The dispute centers on a practice known as earnings stripping, in which a multinational company reduces its taxes by claiming interest deductions for payments to a related unit overseas. The company claims deductions on its U.S. tax return, but no money ultimately leaves the parent company's coffers, and publicly reported profit is unchanged.
"The ability of U.S. subsidiaries of foreign multinationals to strip away earnings like this is a problem" because it significantly reduces the U.S. corporate-tax base, says Reuven Avi-Yonah, a former corporate tax attorney and now director of the international-tax program at the University of Michigan Law School.
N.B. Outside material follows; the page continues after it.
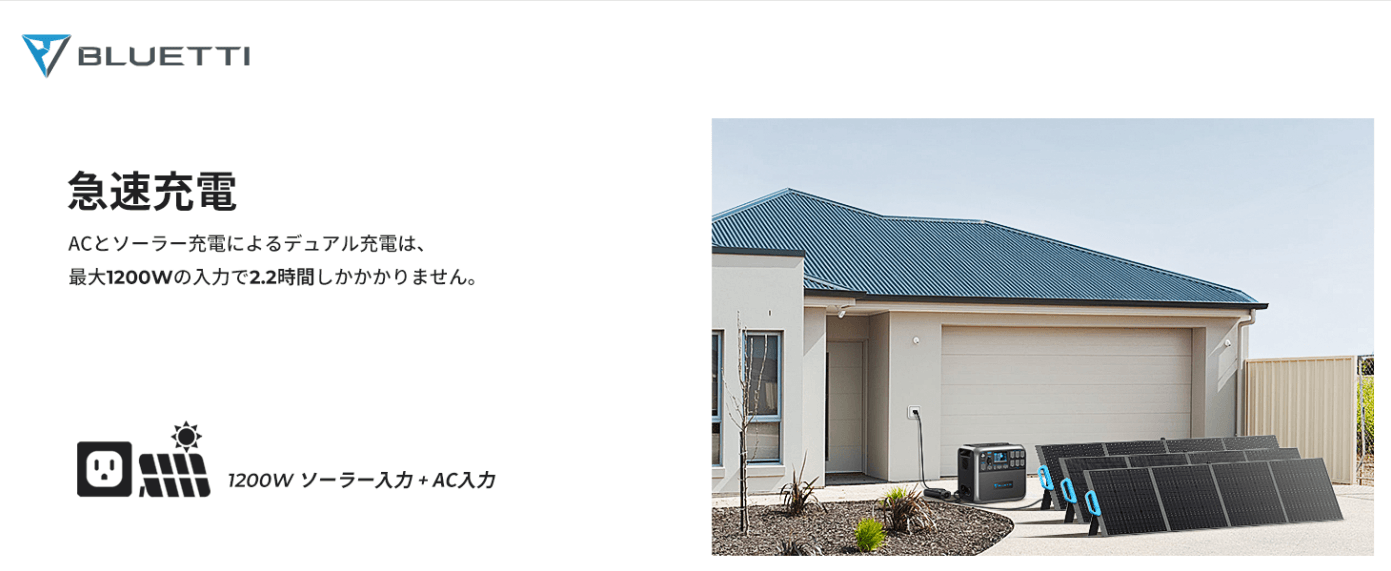 BLUETTIの主力モデルの1つであるAC200Pは、どこでも簡単に充電ができる、パワフルで価格の手頃な製品です。緊急時のバックアップ電源として、あるいは自給自足のオフグリッド生活に、どこでも充電が可能な太陽光発電キットをご活用いただけます。日照条件が良好な状態でPV200ソーラーパネルを3枚使用すれば600Wの発電ができ、AC200Pを3.5時間でフル充電できます。360Wの太陽光発電を実現するPV120キットもご用意しています。今すぐキャンペーンをご利用ください。

What’s in dispute? That when GSK was created a Swiss structure was used to be the parent for the US operations and that substantial intra-group payments were made to this Swiss structure which GSK claims were interest and so tax deductible. But the IRS says they were dividends and not tax deductible.
That’s the face value transaction. But underneath it, as Jesse implies, is the suggestion that this was income shifting to a low tax regime that the IRS wants to challenge.
They’re right to do so. Major corporations cannot be allowed to undermine the societies on which they are dependent to make their profits. Good luck to the IRS in this one.